Notice that above example access the `.text`  object in order to be able to use python's string manipulation functions.

## Tokenizing the words
First we need to tokenize each word on all the lines in the text file (split each line into words). Then we need to flatten that into a single RDD with just the words.

In [None]:
# Your code here...

## Count the words
Next for each word we need to create a key-value pair with the word as the key and 1 as the value.

In [None]:
# Your code here...

## Summing the counts
Now we need to aggregate the counts such that for each word we get a single key-value pair. Where the key is the word and the value is the number of occurences of that word.

In [None]:
# Your code here...

## Sorting the counts
Finally we can sort the results either by the number of occurences (the value) or alphabetically (the key)

#### By value (numerically)

In [None]:
# Your code here...

### By key (alphabetically)

In [None]:
# Your code here...

# Part b) Understanding the workings of the Spark cluster

For this exercise, you will need the SparkMonitor tab located at the top in JupyterLab. Use port 4040 and reload the page often using the "Reload" button at the top left. You will also need to go to the UCloud page for your spark cluster, and open the interface for one of your nodes. 

Helpful and recommended reading are found at the bottom of the assignment pdf. Furthermore the `A-Gentle-Introduction-to-Apache-Spark.pdf` is useful find it under todays lecture on LearnIT (page 11-30). Note that some questions require you to read on the spark documentation.

**Question 1)**

How many nodes (workers) does your cluster have?

**Question 2)**  

What is the relationship between a spark application, driver process and a spark session? What is the name of the variable for your spark session?

**Question 3)**

What is the difference between a Spark Job, stage and task?

**Question 3a)**

Try to execute a cell that takes a while to complete, such as sorting the counts from part A). Explore the SparkMonitor web UI click around and find the pages for the Stages.

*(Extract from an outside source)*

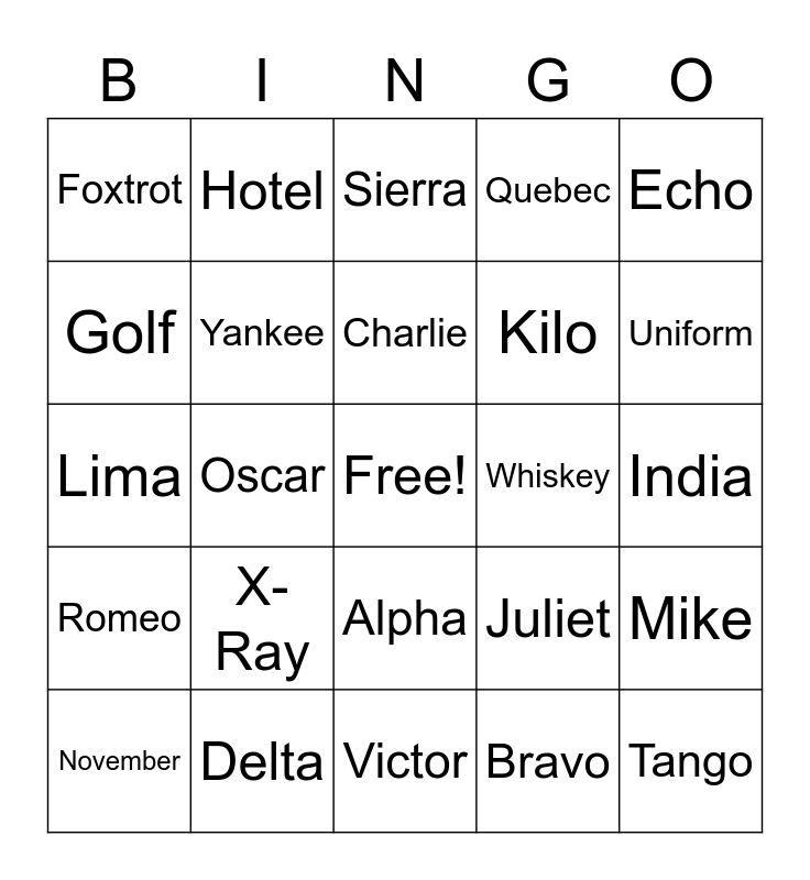 This bingo card has a free space and 26 words: Alpha, Bravo, Charlie, Delta, Echo, Foxtrot, Golf, Hotel, India, Juliet, Kilo, Lima, Mike, November, Oscar, Papa, Quebec, Romeo, Sierra, Tango, Uniform, Victor, Whiskey, X-Ray, Yankee and Zulu.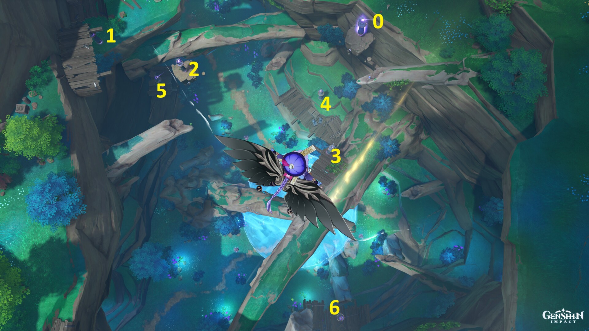 - Pillar 1 – Targets the nearby pillar down below that’s on a ledge (2).

See if you can find the DAG Visualization and briefly explain how spark computes the answer of your word count (conceptually, in simple terms). 

**Question 3b)**

Again, try to execute a cell that takes a while to complete, such as sorting the counts from part A). Open the interface for node 1 under the UCloud SparkCluster job. Explore the different pages and find the same spark web UI as you can see in JupyterLab.

**Question 4)** (Optional)

What type of scheduling mode does your cluster use? What does the abbriviation mean? What is the impact of the scheduling mode for a cluster used by several users? (compared to just you using the cluster).

**Question 5)** (Optional)

What is lazy evaluation and how does it affect the time it takes to run your code cells?